Adonis Diaries

Posts Tagged ‘Al-Shifa hospital

How it’s like to work as nurse in a Gaza under the bombs?

My Mother, Dina Khoury-Nasser, just e-mailed us from Al Shifa Hospital in Gaza. 01:55 am 5th August 2014

She has been there for four days now. She went with a team of medics from the Augusta Victoria Hospital in Occupied Jerusalem in response to the appeal sent out by Gaza Hospitals, who were unable to cope with the extent of carnage brought about by Israeli Terrorism.

Today was day 4 in Gaza.

The first two days were like limbo. We felt we were in Gaza but not yet feeling what was happening around.

We live in the hospital compound: eat in the compound, work in the compound, sleep in the compound.

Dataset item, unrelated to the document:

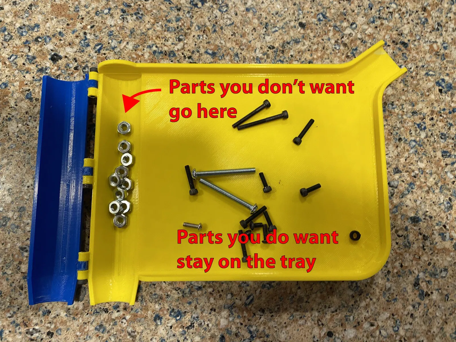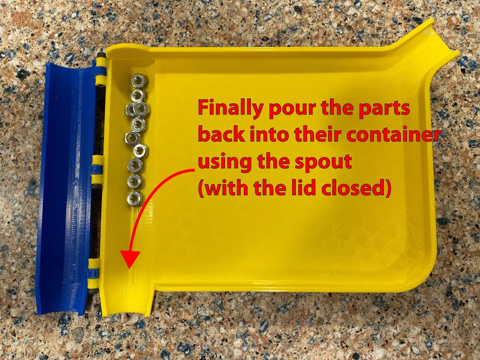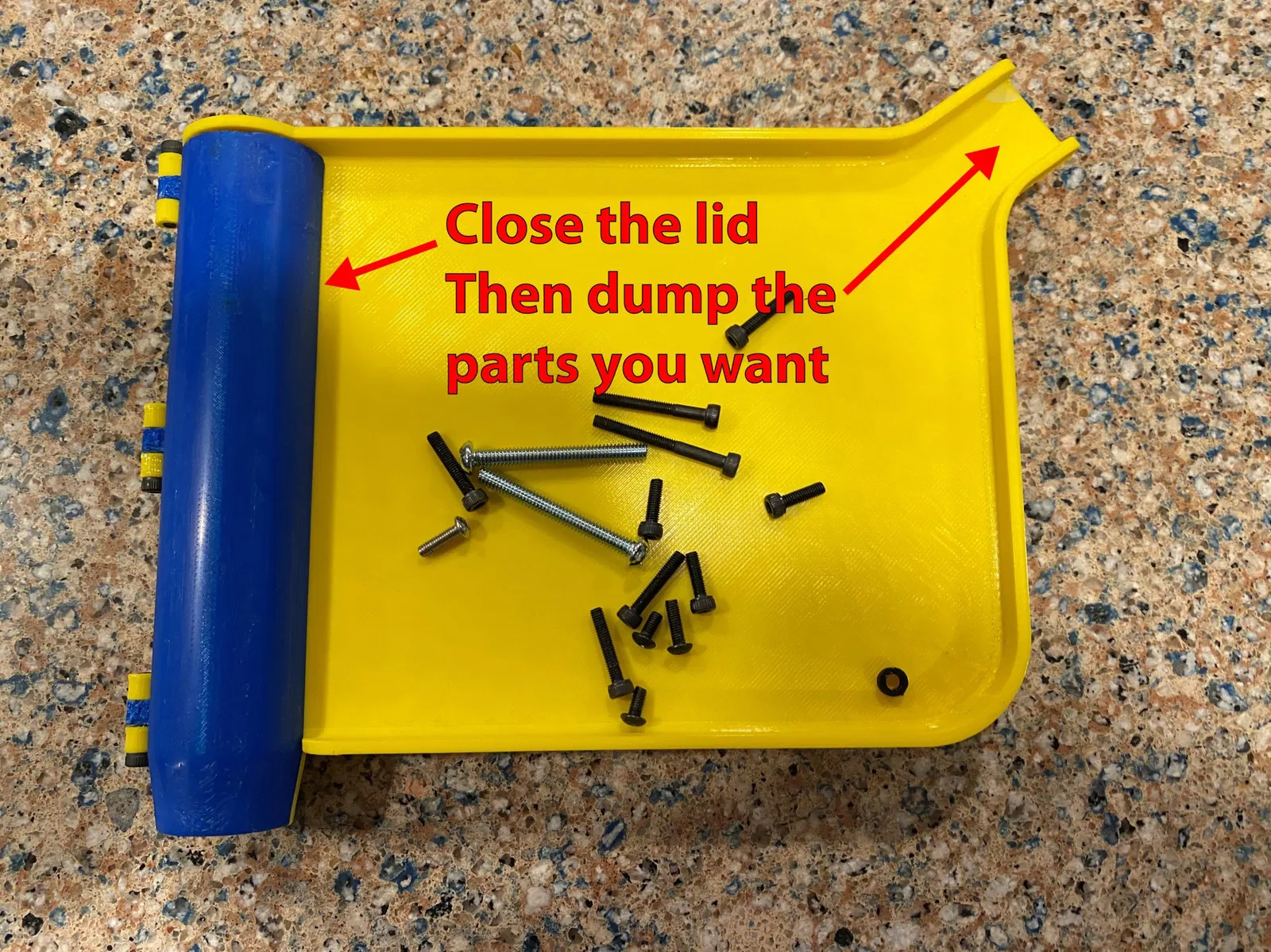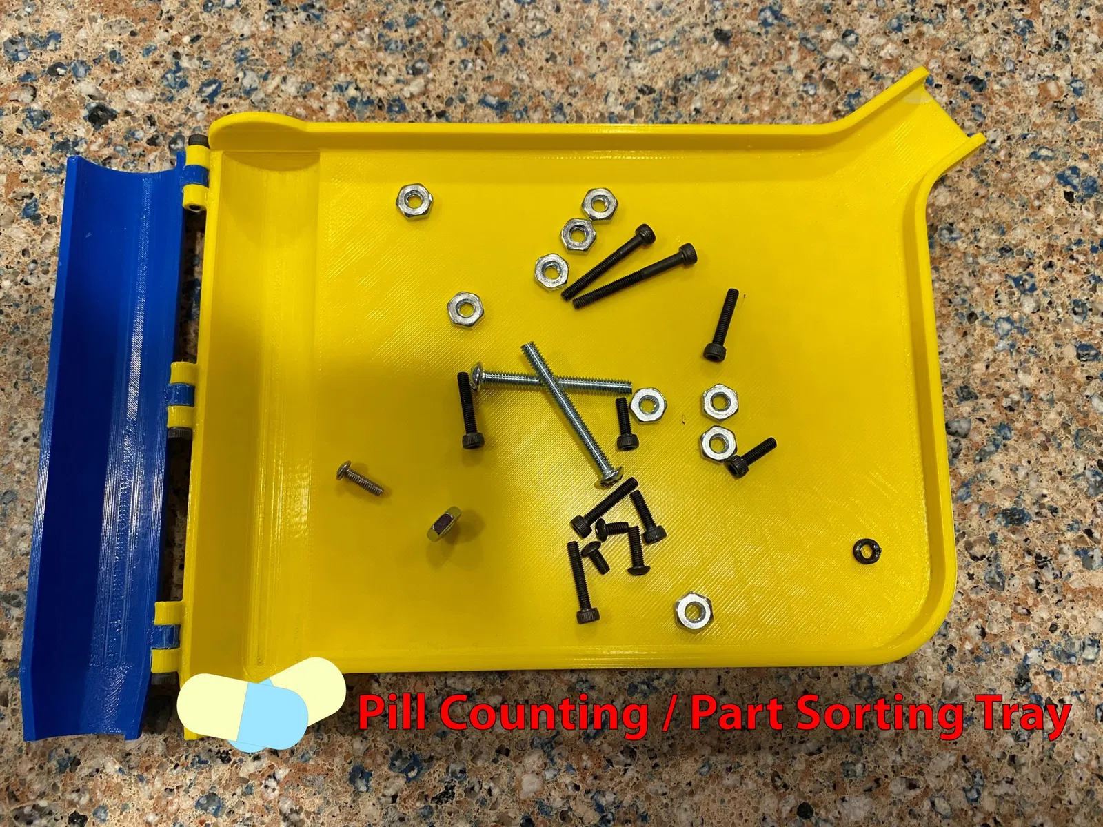 Đây là một khay đếm viên thuốc/phân loại bộ phận giống như những gì một dược sĩ sử dụng. Nắp ở bên cạnh khay cho phép bạn đổ nội dung của khay vào một container và các bộ phận ở bên cạnh khay vào một container khác. Ở đây là một phiên bản tương tự trên Amazon.
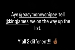 赛后,杜兰特在INS祝贺哈登跻身NBA得分历史前十。哈登则写道:“是的,杜兰特,告诉詹姆斯,我们两个人的排名都在上升。你们两人都是与众不同的。”

We see the injured, hear the ambulances, see the bodies and people strewn around everywhere – still it does not sink in.

Yesterday evening things started to get real when I saw a child sleeping with his father in the open air on a piece of cardboard. He was there in the morning, there in the evening, and again this morning and this evening. I wonder where is his mother, where is his family?

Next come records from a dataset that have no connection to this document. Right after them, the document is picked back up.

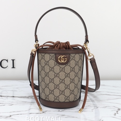Gucci GG Canvas Bucket Mini GG Canvas and Calfskin Beige Crossbody Bag 구찌 GG 캔버스 버킷 미니 GG 캔버스와 카프스킨 베이지 크로스백 20cm |
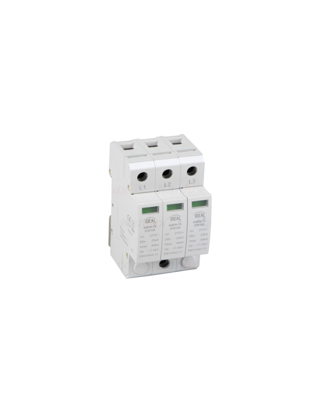 Ogranicznik przepięć, napięcie znamionowe 230V AC; częstotliwość znamionowa 50Hz; typ ochrony T2(C); liczba modułów: 3; największe napięcie stałej pracy U(c)=275V; największy prąd wyładowczy Imax=40kA; napięciowy poziom ochrony U(p)=1,5kV; parametry prądu szczątkowego I(pe)=30µA; przejściowy wzrost natężenia prądu Itrans= 20kA; IP20; znamionowy prąd wyładowczy In=20kA. Spełnia normę: PN-EN61643-1. Montaż: na szynę TH35.
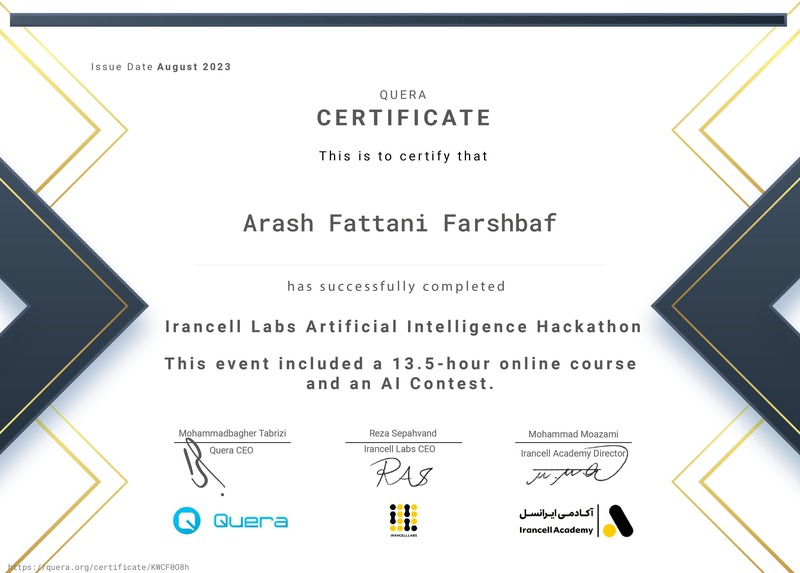 گواهی پایاندوره آرش فتانی فرشباف
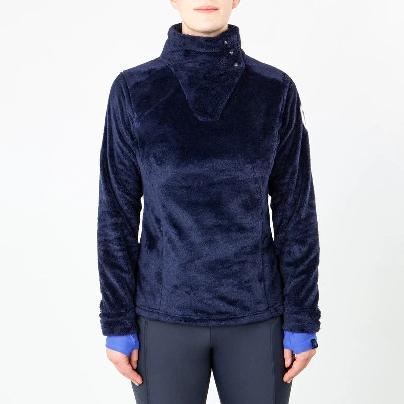 This top is made of soft, cozy two tone Luxen fleece yarns. It has a comfortable snap collar keeps your neck warm, or can be unsnapped for an asymmetrical collar. There are AirTech interior cuffs with thumbholes. Hidden mesh phone pockets inside the kangaroo pocket keeps your phone safe and out of the way. Elliptical hem keeps you covered in the saddle.
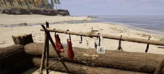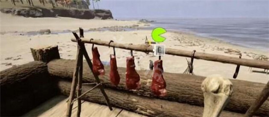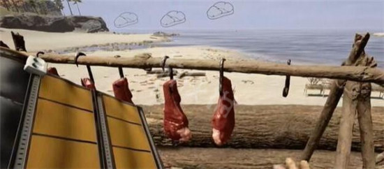1、首先看到了这里只有俩块肉,玩家需要将包里的肉取出来然后挂在挂钩上面,记住一次只挂一个,不能一次挂好几个。
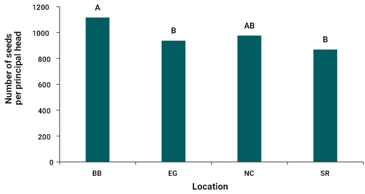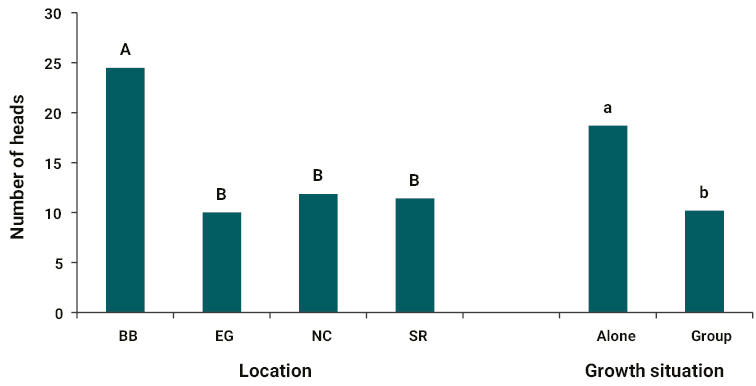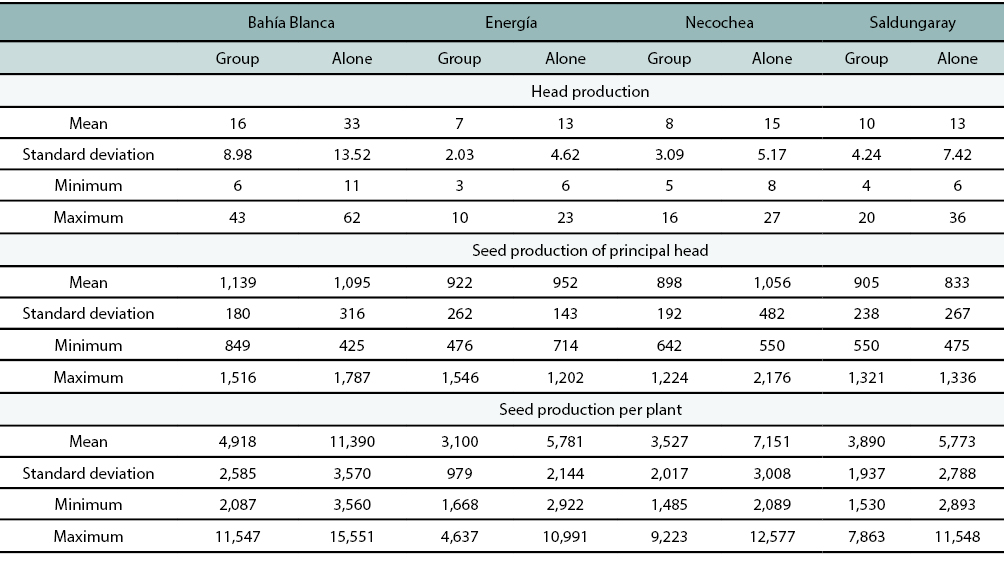 Number of heads per plant, seeds per principal head, and total seed production per plant results are shown in table 2. No interaction between locations and growth situation for the number of heads was observed (F=1.43; p=0.24). However, significant differences were detected between locations (F=25.78; p<0.01) and between growth situations (F=63.92; p<0.01) for the number of heads. Across growth situations, the lowest number of heads per plant was three, detected in Energía, and the highest was 62 in Bahía Blanca. Across locations, head production of plants growing alone was 46% higher than plants growing in groups (fig. 2).

The stories one hears about entire families being annihilated, completely erased from the national registers of citizenship makes your hair stand on end! But still, it does not sink in. Perhaps because I am in the operation room and used to seeing people injured.

Then reality hits when the shelling in Jabalia starts. At ten in the evening we receive a lady in her sixties. She is full of dust, full of earth and full of holes throughout her body. Head lacerated, thighs lacerated, leg crushed. I think of where she could have been sitting, what were her thoughts when the shell hit…

I thought of mom, I thought of all the older women I know.

A quick summary of the last 3 weeks.

When the bombing started this morning, it was children.

Our first patient was a little boy around 6 years old. He had massive lacerations to his groin, abdomen, face and head. He had burns all over his body as well. We were able to manage him in the theatre. I wait to see how he is doing.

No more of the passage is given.